CLAIMS SETTLED IN FX WHITTAKER EY CASE
The five-year saga over alleged $450m worth of accounting irregularities at Fuji Xerox in New Zealand, and later Australia is over, with the parties settling out of court.
The scandal came from the time Neil Whittaker was running first the New Zealand and then the Australian Fuji Xerox companies. Together with former NZ execs from that time, Whittaker was alleged by Fuji Xerox to be responsible for the huge losses. Fuji Xerox also sued the auditor EY, claiming that with former exec Mark Allbright, EY was responsible for $174.5m in unrecoverable intercompany advances.
The trio of execs were also being sued by Fuji Xerox for $3.7m in commissions and bonus payments which it said were made on overstated results.
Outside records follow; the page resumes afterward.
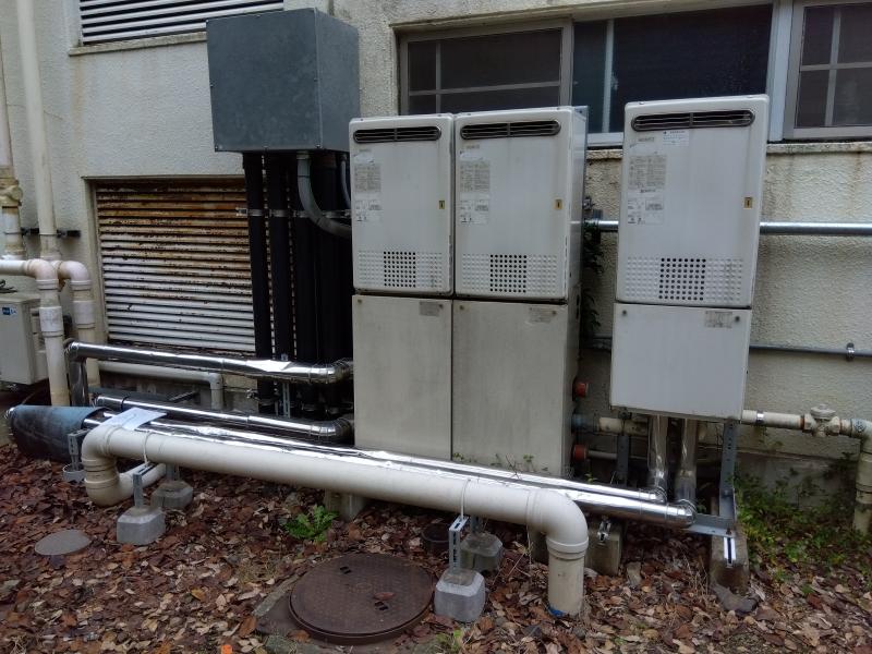 こんにちは、宮本です。 今日は市内の大学の寮でシャワー用給湯器が2台マルチで繋がっておりますが 設置してから18年で、劣化のためお湯が出なくなり交換に...
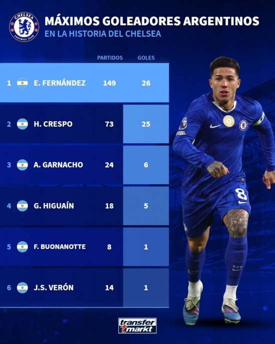 恩佐为切尔西打进26球超越克雷斯波,成为队史进球最多阿根廷球员
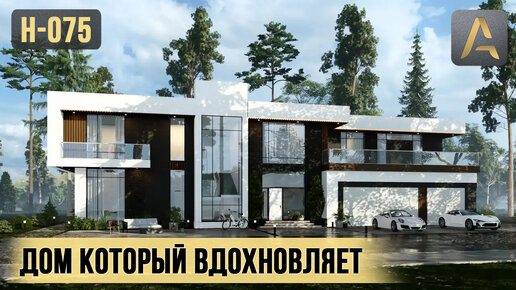 Вдохновляющий дом в стиле Хай-Тек. Проект дома с гаражом, террасами, спортзалом и кинотеатром

Former Fuji Xerox Australia director Devlin Bell and EY auditor Andy Lang have also had their cases settled.
Whittaker was paid $1m to leave his job as managing director of Fuji Xerox Australia soon after the accounting irregularities were uncovered. He had been in the role for scarcely a year, following an 11-year stint as managing director of FX NZ.
According to the judge, the losses came as revenue streams were classified as finance leases rather than operating leases, and related mainly to managed services contracts.
The alleged scandal came to light when new auditor KPMG took over five years ago, and said Fuji Xerox NZ had incurred significant trading losses, which led to retained losses of NZ$376m. The company said the loss to shareholder equity as a result was NZ$317m in New Zealand and $145m in Australia.